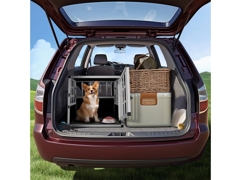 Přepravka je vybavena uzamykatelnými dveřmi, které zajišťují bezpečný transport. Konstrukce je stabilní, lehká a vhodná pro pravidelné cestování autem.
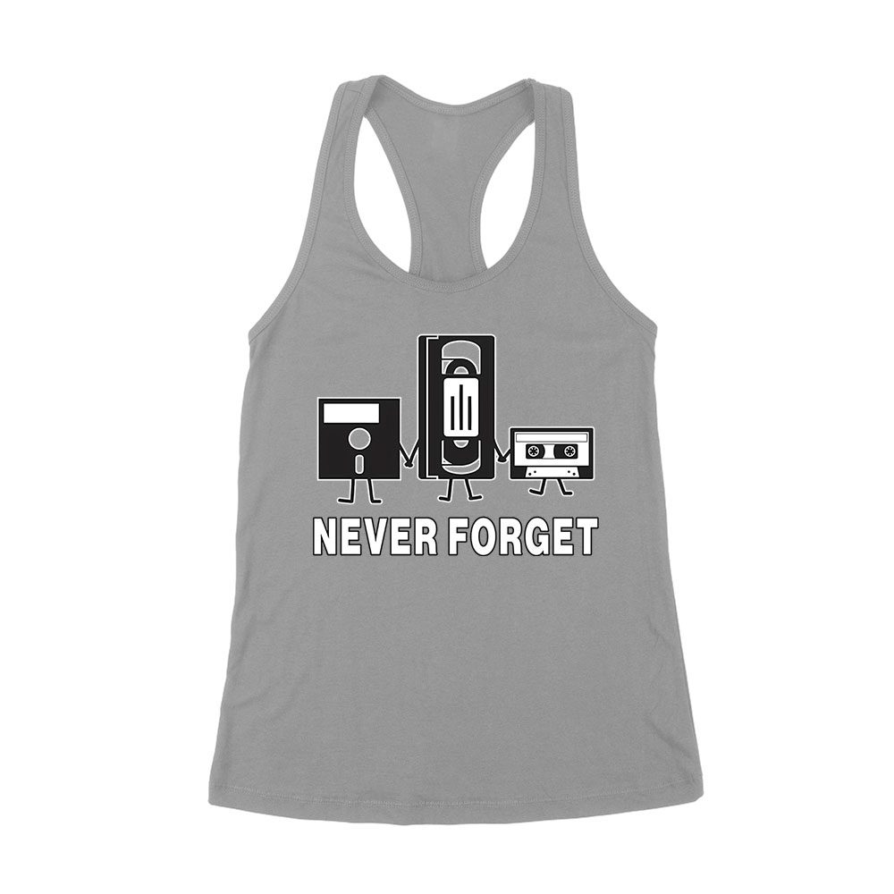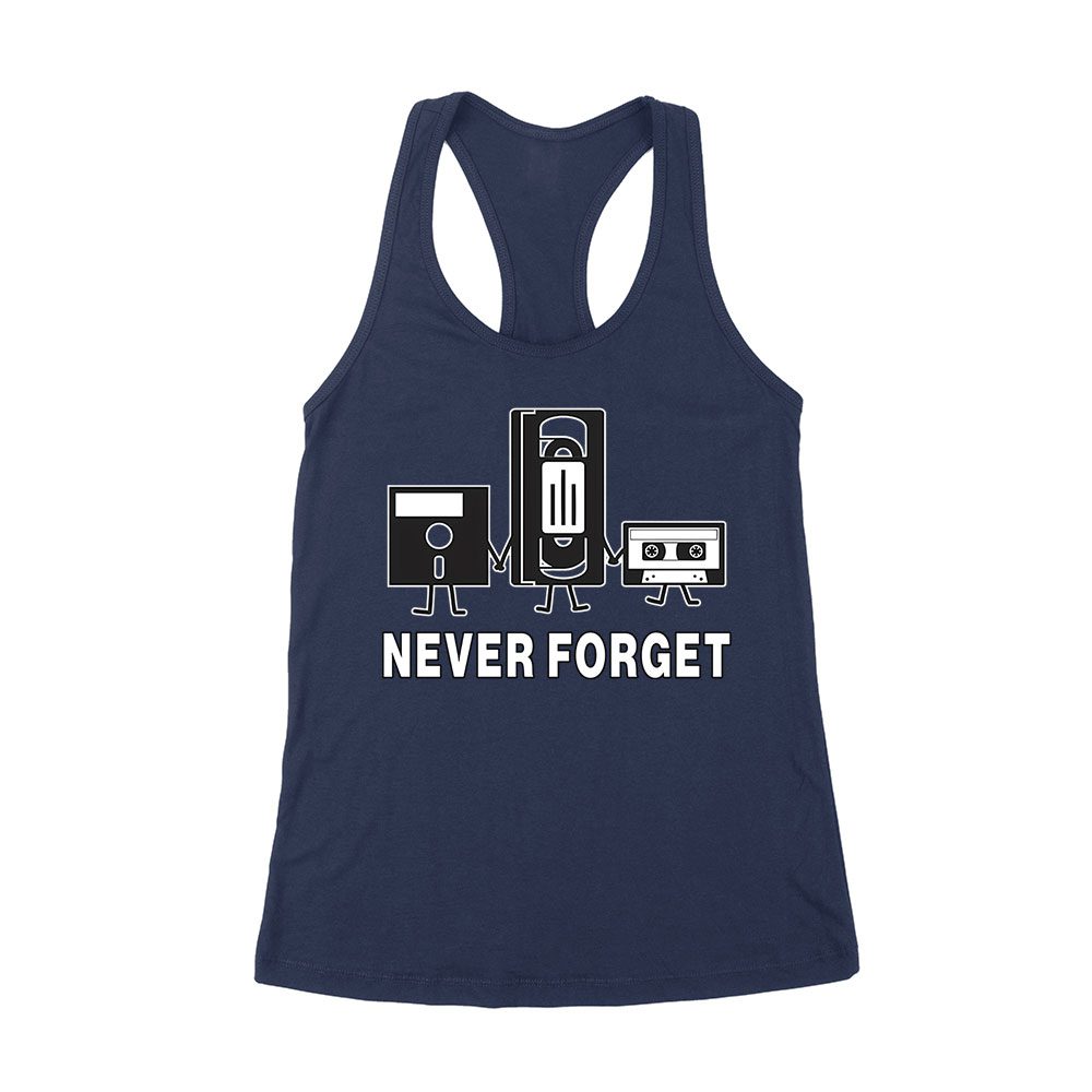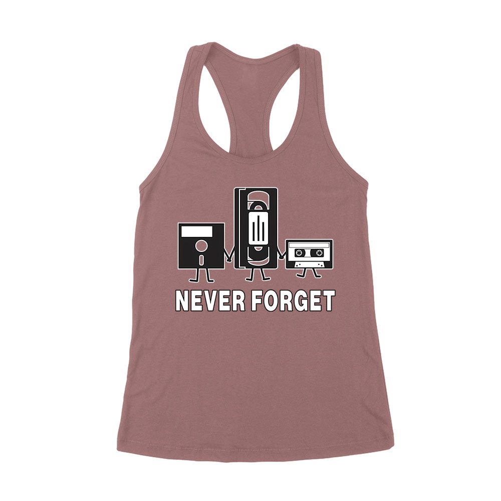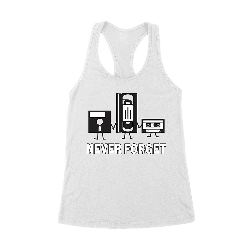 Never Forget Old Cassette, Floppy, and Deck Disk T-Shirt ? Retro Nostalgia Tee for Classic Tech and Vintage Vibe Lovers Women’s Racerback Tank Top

+ + + +

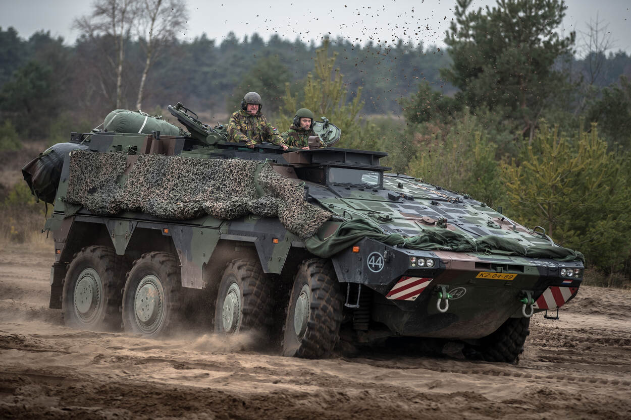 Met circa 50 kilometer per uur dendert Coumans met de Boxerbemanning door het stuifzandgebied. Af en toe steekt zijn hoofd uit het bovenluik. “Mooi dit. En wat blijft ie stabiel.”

+ + + +

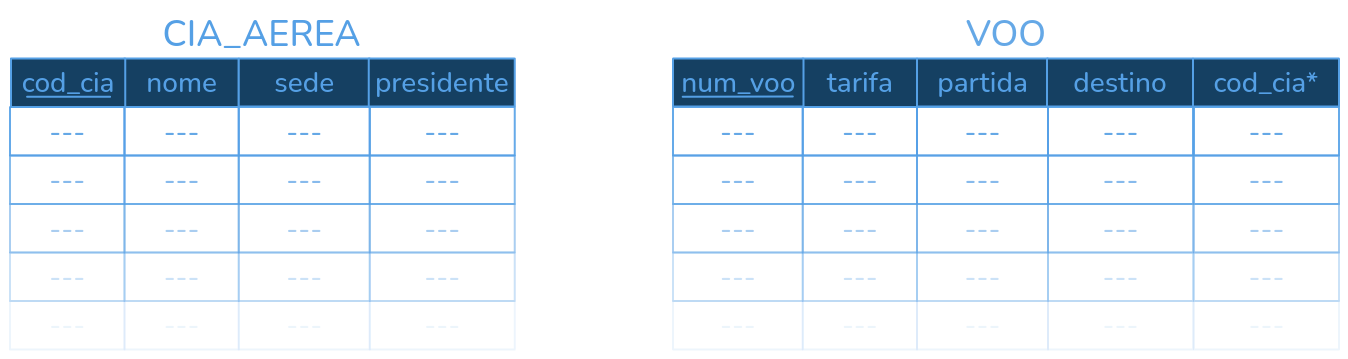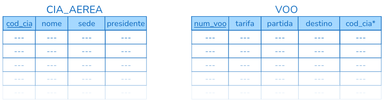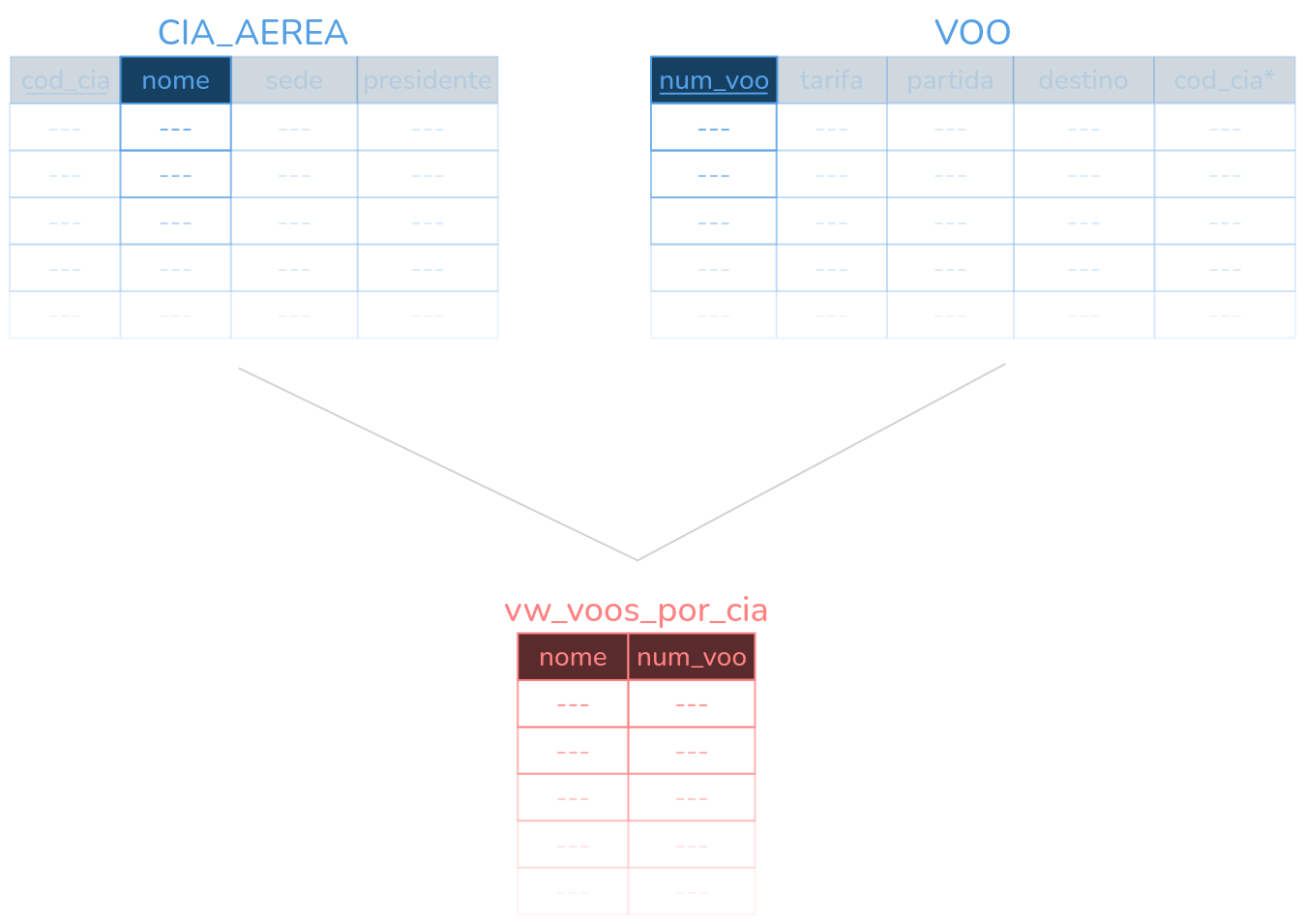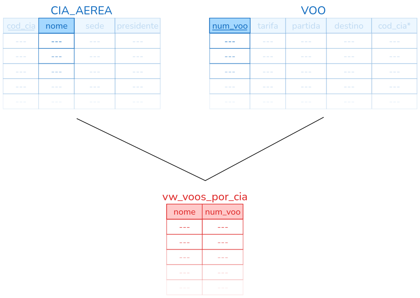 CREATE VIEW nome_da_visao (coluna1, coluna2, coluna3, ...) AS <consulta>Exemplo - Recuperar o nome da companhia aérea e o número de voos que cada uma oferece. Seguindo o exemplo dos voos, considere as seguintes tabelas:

+ + + +

[WHAT IS BEING ASKED]
Look back at the data above, then output exactly the lines from the line holding "Přepravka je vybavena" up to and including the line holding "Never Forget Old". Leave out the pictures.

[WRITTEN SOLUTION]
 Přepravka je vybavena uzamykatelnými dveřmi, které zajišťují bezpečný transport. Konstrukce je stabilní, lehká a vhodná pro pravidelné cestování autem.
 Never Forget Old Cassette, Floppy, and Deck Disk T-Shirt ? Retro Nostalgia Tee for Classic Tech and Vintage Vibe Lovers Women’s Racerback Tank Top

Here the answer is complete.